For more details see the help vignette: vignette("causal_ccombat", package = "causalBatch")

Author(s)

Eric W. Bridgeford

References

Eric W. Bridgeford, et al. "A Causal Perspective for Batch Effects: When is no answer better than a wrong answer?" Biorxiv (2024).

Daniel E. Ho, et al. "MatchIt: Nonparametric Preprocessing for Parametric Causal Inference" JSS (2011).

W Evan Johnson, et al. "Adjusting batch effects in microarray expression data using empirical Bayes methods" Biostatistics (2007).

Examples

library(causalBatch)
sim <- cb.sims.sim_linear(a=-1, n=100, err=1/8, unbalancedness=3)
cb.correct.aipw_cComBat(sim$Ys, sim$Ts, data.frame(Covar=sim$Xs), "Covar")

Fit AIPW ComBat model for batch effect correction

Description

This function applies an Augmented Inverse Probability Weighting (AIPW) ComBat model for batch effect correction to new data.

Usage

cb.correct.apply_aipw_cComBat(Ys, Ts, Xs, Model)

Arguments

Ys

an [n, d] matrix, for the outcome variables with n samples in d dimensions.

Ts

[n] the labels of the samples, with K < n levels, as a factor variable.

Xs

[n, r] the r covariates/confounding variables, for each of the n samples, as a data frame with named columns.

Model

a list containing the following parameters:

  • Prop_model Fitted propensity model

  • Putcome_models List of fitted outcome models for each feature and treatment level

  • Levels Levels of the treatment factor

  • Treatment_effects Estimated treatment effects

  • AIPW_est AIPW estimator results

  • covar.out.form Formula used for the outcome model

This model is output after fitting with cb.correct.aipw_cComBat.

Details

Note: This function is experimental, and has not been tested on real data. It has only been tested with simulated data with binary (0 or 1) exposures.

Value

an [n, d] matrix, the batch-effect corrected data.

Examples

library(causalBatch)
sim <- cb.sims.sim_linear(a=-1, n=200, err=1/8, unbalancedness=3)
# fit batch effect correction for first 100 samples
cb.fit <- cb.correct.matching_cComBat(sim$Ys[1:100,,drop=FALSE], sim$Ts[1:100], 
                                  data.frame(Covar=sim$Xs[1:100,,drop=FALSE]), "Covar")
# apply to all samples
cor.dat <- cb.correct.apply_cComBat(sim$Ys, sim$Ts, data.frame(Covar=sim$Xs), cb.fit$Model)

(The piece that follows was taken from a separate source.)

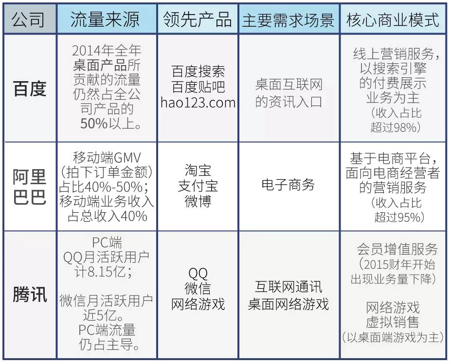 尽管BAT这样的巨头已经提前在移动互联网领域布局多年,但时至如今,来自传统桌面产品的流量、收入和需求场景,仍然构成了公司在商业上的重要支柱。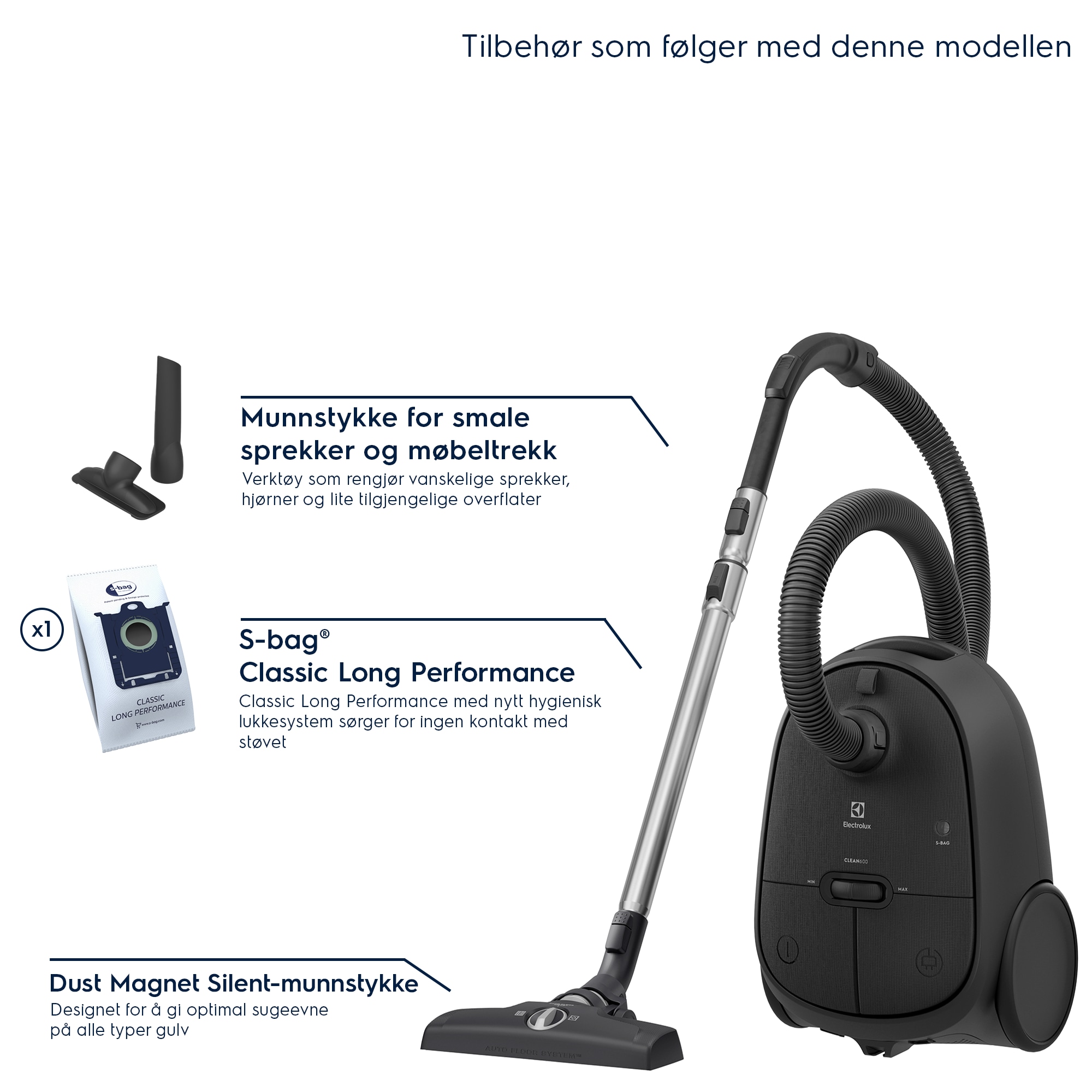 *Basert på interne tester på filtrering av mikrostøvpartikler i størrelse 0,3-10 mikron iht standard EN 60312-1 ved hjelp av standard sand- og støvpartikler.

Adjust for batch effects using an empirical Bayes framework

Description

ComBat allows users to adjust for batch effects in datasets where the batch covariate is known, using methodology described in Johnson et al. 2007. It uses either parametric or non-parametric empirical Bayes frameworks for adjusting data for batch effects. Users are returned an expression matrix that has been corrected for batch effects. The input data are assumed to be cleaned and normalized before batch effect removal.

Usage

cb.correct.apply_cComBat(Ys, Ts, Xs, Model)

Arguments

Ys

an [n, d] matrix, for the outcome variables with n samples in d dimensions.

Ts

[n] the labels of the samples, with K < n levels, as a factor variable.

Xs

[n, r] the r covariates/confounding variables, for each of the n samples, as a data frame with named columns.

Model

a list containing the following parameters:

  • Var the pooled variance

  • Grand.mean the overall mean of the data

  • B.hat the fit regression coefficients

  • Gamma additive batch effects

  • Delta multiplicative batch effects

  • Levels the order of levels for each batch

  • Covar.Mod the covariate model for adjustment

This model is output after fitting with cb.correct.matching_cComBat.

Details

Note: this code is adapted directly from the ComBat algorithm featured in the 'sva' package.

Value

an [n, d] matrix, the batch-effect corrected data.

Examples

library(causalBatch)
sim <- cb.sims.sim_linear(a=-1, n=200, err=1/8, unbalancedness=3)
# fit batch effect correction for first 100 samples
cb.fit <- cb.correct.matching_cComBat(sim$Ys[1:100,,drop=FALSE], sim$Ts[1:100], 
                                  data.frame(Covar=sim$Xs[1:100,,drop=FALSE]), "Covar")
# apply to all samples
cor.dat <- cb.correct.apply_cComBat(sim$Ys, sim$Ts, data.frame(Covar=sim$Xs), cb.fit$Model)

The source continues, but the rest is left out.